In October, the Supreme Court refused to take up several other cases dealing with the issue of whether states can ban gay marriage. Soon after, Justice Ruth Bader Ginsburg told NPR’s Nina Totenberg, “when there’s no disagreement among the courts of appeals we don’t step in. ... If there had been a court of appeals on the other side, we probably would have taken that case."

Now there is such a split, and it’s likely the Supreme Court will step in.
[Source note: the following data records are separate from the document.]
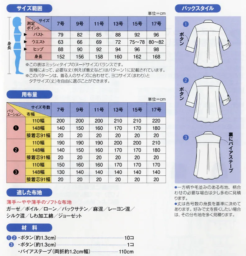 適した布地:薄手?やや薄手のソフトな布地。
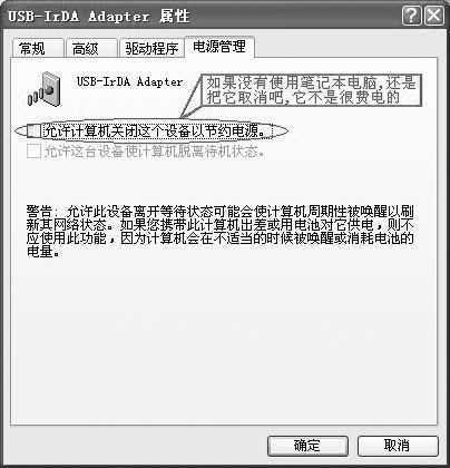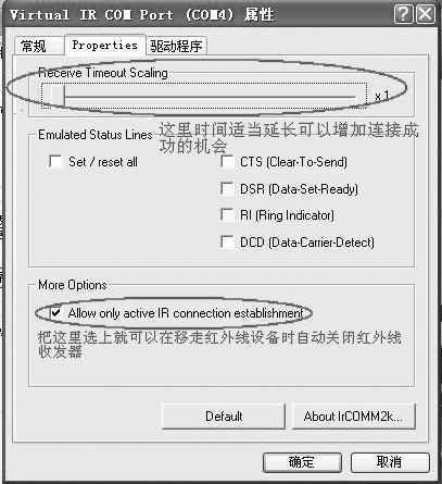 下一步便是要真正用好它的关键了:有的朋友说连接好后隔一段时间不用电脑就不能连接红外线设备了,这是因为Windows系统为了节约用电而自作聪明地关掉了你的红外线收发器,你只需要在红外线收发器的属性里面改一下就Ok了(图2)。最后还要在你刚才虚拟端口那里再修改一下,好让它变得更乖。在设备管理器里面打开端口中的“Vitrual IR COM PORT(COM4)”的属性,在Properties选项卡里将timeout值设置大一点(如果你需要常常移动你的设备),再把More Options打上钩,这样便不会发生当你移走数码设备时电脑还认为该设备正在与它连接从而造成下次连接该设备时系统报告占用端口的事情了(图3)。好了,现在你的数码设备已经可以乖乖听你使唤了,用上红外线来传输数据,真是无“线”自在呀,再也不用去摆弄那些线了。
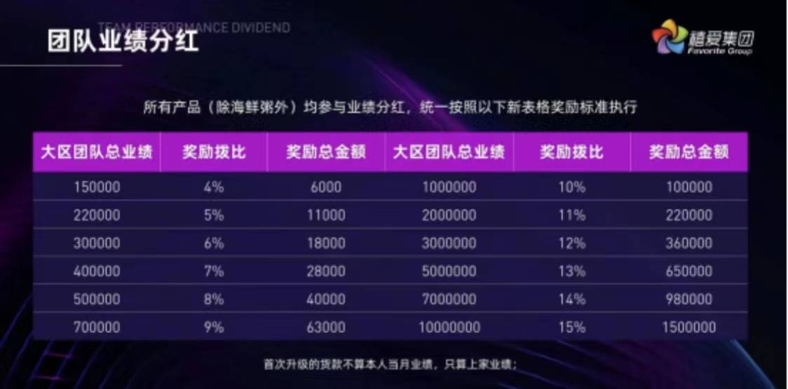 完成团队总业绩后,还会按照比例进行奖励。
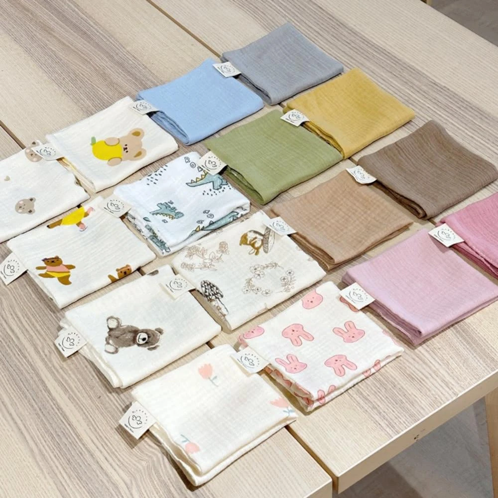 kobemoms台灣製紗布口水巾(純棉小方巾 手帕 熊熊紗布巾 皺皺紗布巾 紗布巾 洗澡巾 紗布口水巾)
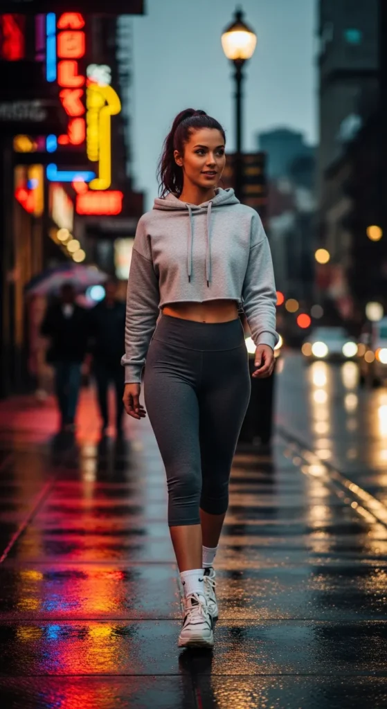 Capri leggings paired with a cropped hoodie create a sporty, on-the-go outfit that’s perfect for active days or casual streetwear looks.
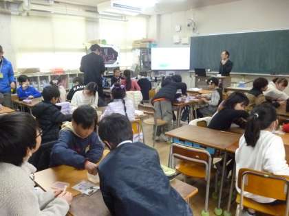 4年生は大阪市水道局の方々に水について調べる実験を教えていただきました。大和川の水がきれいかどうか調べる実験です。試薬を使って調べると大和川の水がきれいであることがよくわかりました。楽しい実験で理科の学習になりました。
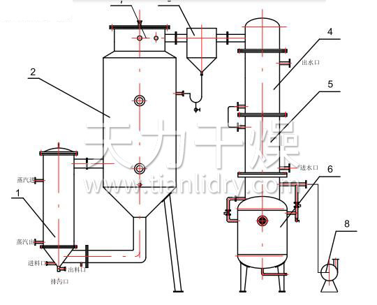 1.加熱器 2.蒸發(fā)器 3.氣液分離器 4.冷凝器 5.冷卻器 6.受液體罐 7.除沫器 8.真空泵
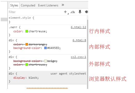 针对相同的样式属性,不同的样式属性将以合并的方式呈现
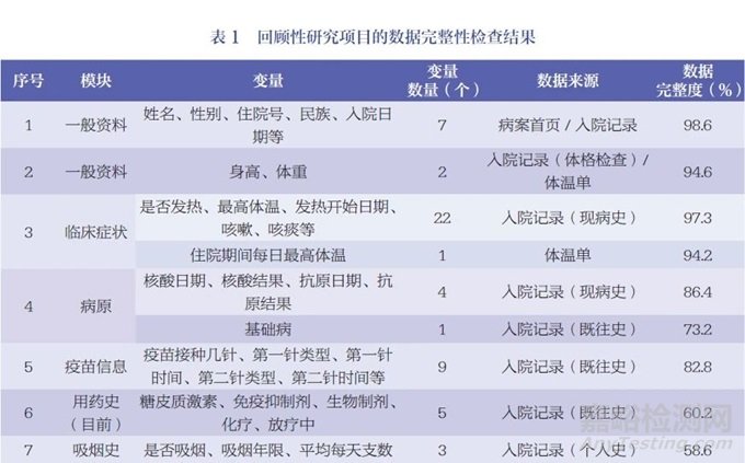 以新型冠狀病毒感染(COVID-19)相關(guān)研究項目進(jìn)行舉例,基于前文所述ESDR的工作流程,研究團(tuán)隊在某醫(yī)院的回顧性研究項目中部署了ESR工具,以檢查該項目的數(shù)據(jù)完整性(表1)。其中,模塊的內(nèi)容通常不是固定的,不同的研究項目可能會有不同的模塊和變量,其主要根據(jù)研究需要而進(jìn)行設(shè)計。每個研究項目可能會定義不同的模塊內(nèi)容,以確保收集和記錄與研究問題相關(guān)的數(shù)據(jù)。

Chase Strangio, staff attorney in the ACLU Lesbian Gay Bisexual and Transgender Project, said in a statement: "This decision is an outlier that’s incompatible with the 50 other rulings that uphold fairness for all families, as well as with the Supreme Court’s decision to let marriage equality rulings stand in Indiana, Wisconsin, Utah, Oklahoma and Virginia. We will be filing for Supreme Court review right away and hope that through this deeply disappointing ruling we will be able to bring a uniform rule of equality to the entire country.”